The Ordinary Princess
- First edition
- Author: M. M. Kaye
- Cover artist: M. M. Kaye
- Language: English
- Genre: Fairytale fantasy
- Published: 1980 (Kestrel Books)
- Publication place: United Kingdom
- Media type: Print

= The Ordinary Princess =

Book by Mary Margaret Kaye

The Ordinary Princess is a children's novel written and illustrated by M. M. Kaye. It concerns Princess Amethyst Alexandra Augusta Araminta Adelaide Aurelia Anne of Phantasmorania—Amy for short—who has been given the "gift" of ordinariness.

Like the fairy tale of Sleeping Beauty, the story begins with the birth of a princess and the arrival of fairies—invited against the king's better judgment, for the sake of tradition—to give her gifts. The fairy godmother Crustacea, however, tells her, "You shall be Ordinary!" Unlike her six older sisters, Amy grows up with mousy hair, freckled, and plain, preferring playing in the woods to wearing fine clothes.

When she finds out that her parents want to hire a dragon so that a foreign prince can "rescue" her from it and thereby "win her hand in marriage", she climbs down the wisteria vine outside her window, runs away to live in the Forest of Faraway, and makes animal friends, Peter Aurelious the crow and Mr. Pemberthy the squirrel.

Realizing that her clothes have grown shabby and told by a fairy godmother that to buy new clothes she needs money and to get money she needs a job, she becomes fourteenth assistant kitchen-maid in the castle of the King of Ambergeldar, where she meets Peregrine, a man-of-all-work.
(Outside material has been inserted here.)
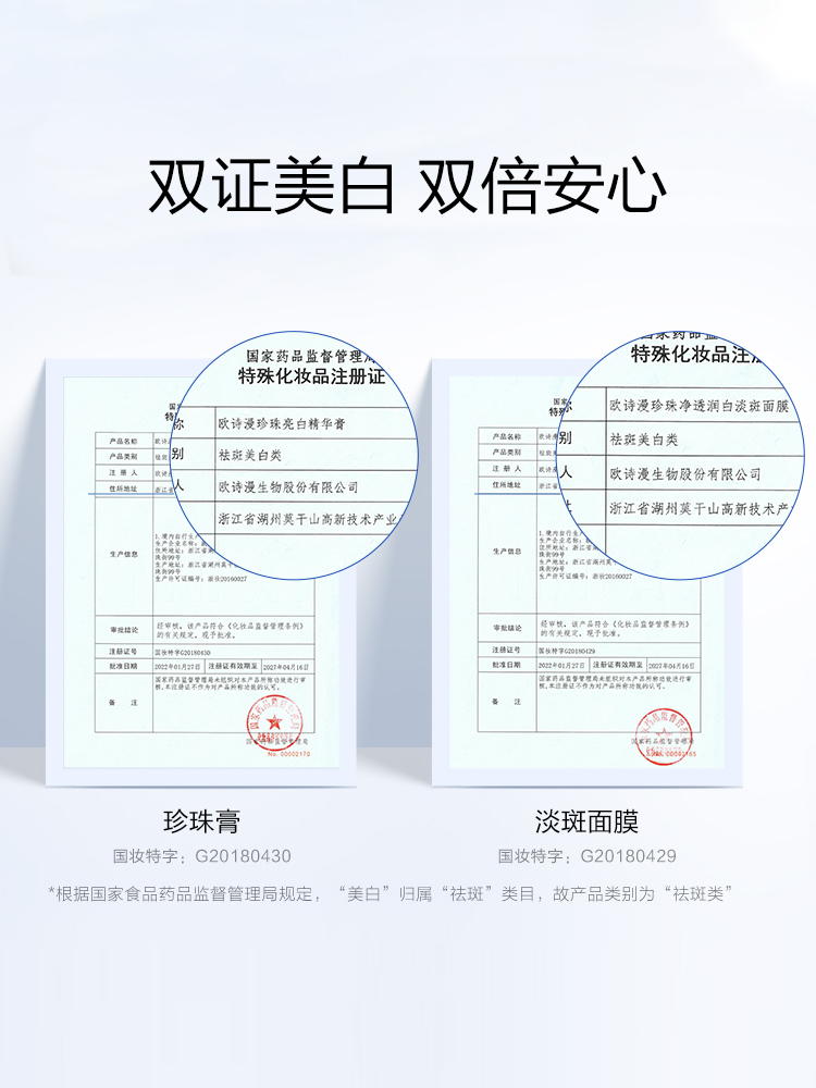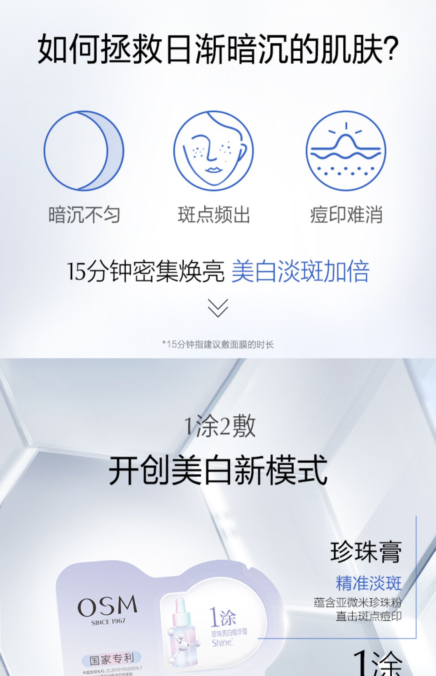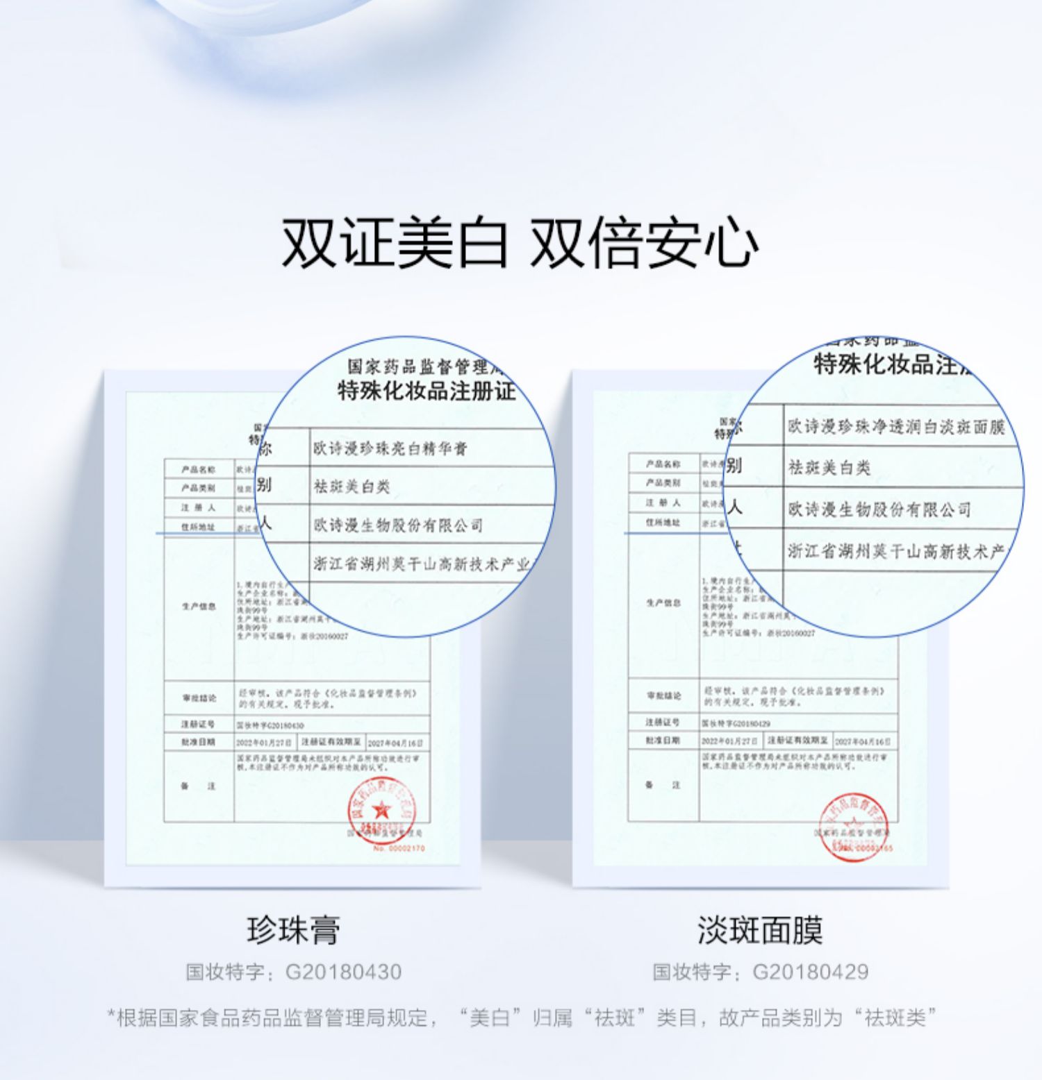 到手4盒-欧诗漫面膜补水保湿烟酰胺提亮肤色5片/盒,有美白特证220501

They become friends; he eventually finds out that she is a princess, and she finds out that he is King Algernon of Ambergeldar, who, like her, hates his given name, and they marry.

The folk song "Lavender's Blue"—particularly the first two lines, Lavender's blue, rosemary's green, When I am king, you shall be queen—is a motif throughout the book.

Kaye has stated that "The Birches," the house Amy and Peregrine build together in the book, was based on a house that she and her sister Bets built in the Wilmcote Hill woods.